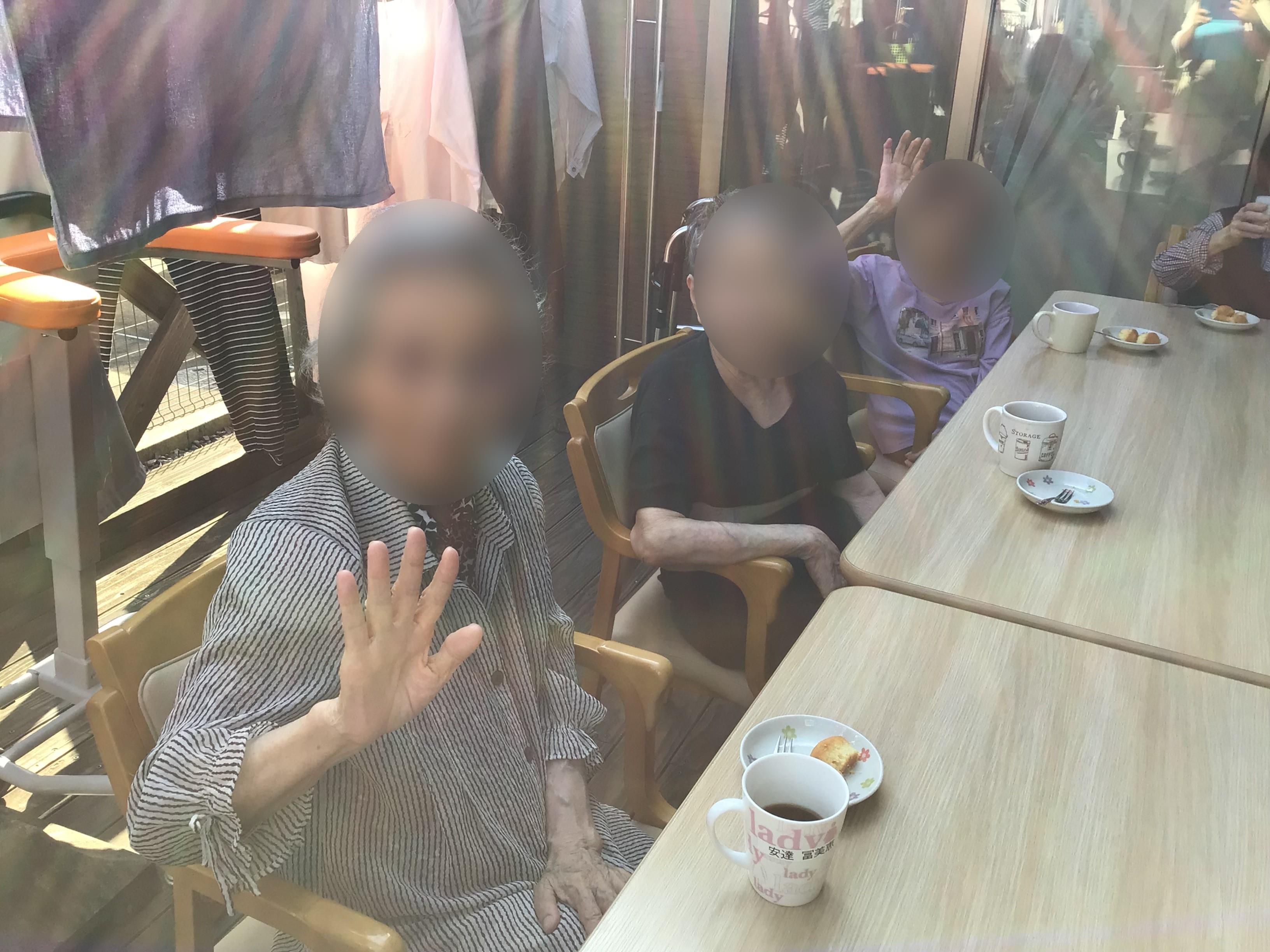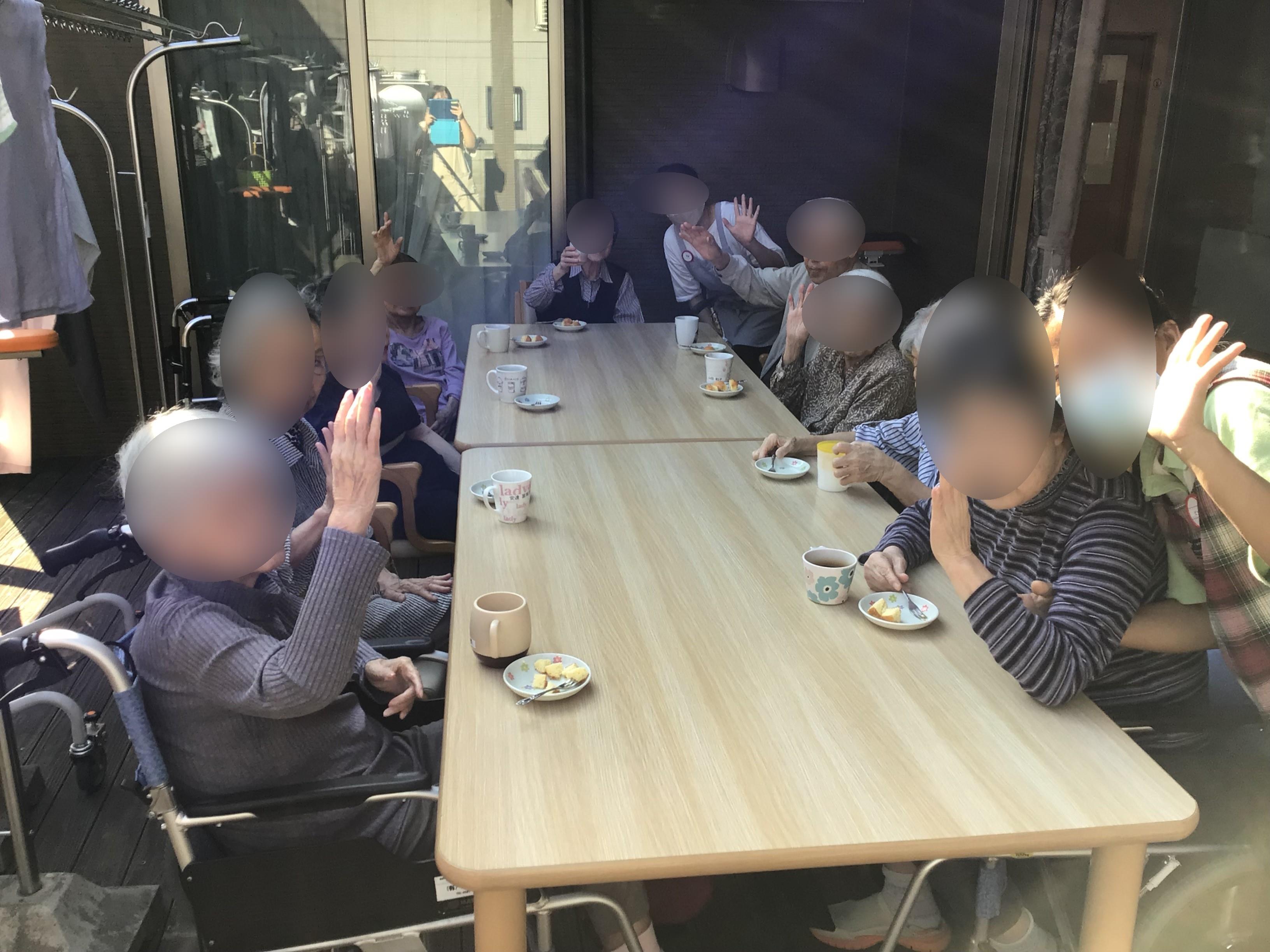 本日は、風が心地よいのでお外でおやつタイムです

□ □ □ □ □ □ □

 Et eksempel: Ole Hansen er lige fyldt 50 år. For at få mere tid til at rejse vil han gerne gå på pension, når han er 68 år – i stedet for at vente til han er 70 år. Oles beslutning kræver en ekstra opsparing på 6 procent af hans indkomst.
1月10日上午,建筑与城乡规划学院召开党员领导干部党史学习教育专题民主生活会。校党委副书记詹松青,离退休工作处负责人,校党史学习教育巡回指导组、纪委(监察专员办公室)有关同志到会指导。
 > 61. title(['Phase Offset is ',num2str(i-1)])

□ □ □ □ □ □ □

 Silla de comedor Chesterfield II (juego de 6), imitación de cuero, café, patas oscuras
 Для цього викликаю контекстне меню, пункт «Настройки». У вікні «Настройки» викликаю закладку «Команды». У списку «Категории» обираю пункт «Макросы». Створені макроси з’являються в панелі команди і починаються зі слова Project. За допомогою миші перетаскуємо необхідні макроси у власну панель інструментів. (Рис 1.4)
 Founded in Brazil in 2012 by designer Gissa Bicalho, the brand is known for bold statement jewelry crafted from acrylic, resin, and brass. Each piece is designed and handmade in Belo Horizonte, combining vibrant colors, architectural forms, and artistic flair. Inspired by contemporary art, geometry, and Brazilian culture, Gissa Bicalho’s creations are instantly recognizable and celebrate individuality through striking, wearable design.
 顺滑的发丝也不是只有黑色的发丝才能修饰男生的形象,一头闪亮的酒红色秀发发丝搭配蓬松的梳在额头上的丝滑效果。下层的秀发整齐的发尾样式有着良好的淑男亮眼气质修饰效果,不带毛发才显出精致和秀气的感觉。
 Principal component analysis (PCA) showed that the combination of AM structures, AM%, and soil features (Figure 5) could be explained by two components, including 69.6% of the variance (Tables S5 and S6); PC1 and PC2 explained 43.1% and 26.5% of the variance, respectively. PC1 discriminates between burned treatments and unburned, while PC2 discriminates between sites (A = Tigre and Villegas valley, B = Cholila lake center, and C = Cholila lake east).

□ □ □ □ □ □ □

■ Task statement
Both end lines included, restate word for word the lines above from the line with "Silla de comedor" to the line with "Для цього викликаю", and nothing else.

■ Output
 Silla de comedor Chesterfield II (juego de 6), imitación de cuero, café, patas oscuras
 Для цього викликаю контекстне меню, пункт «Настройки». У вікні «Настройки» викликаю закладку «Команды». У списку «Категории» обираю пункт «Макросы». Створені макроси з’являються в панелі команди і починаються зі слова Project. За допомогою миші перетаскуємо необхідні макроси у власну панель інструментів. (Рис 1.4)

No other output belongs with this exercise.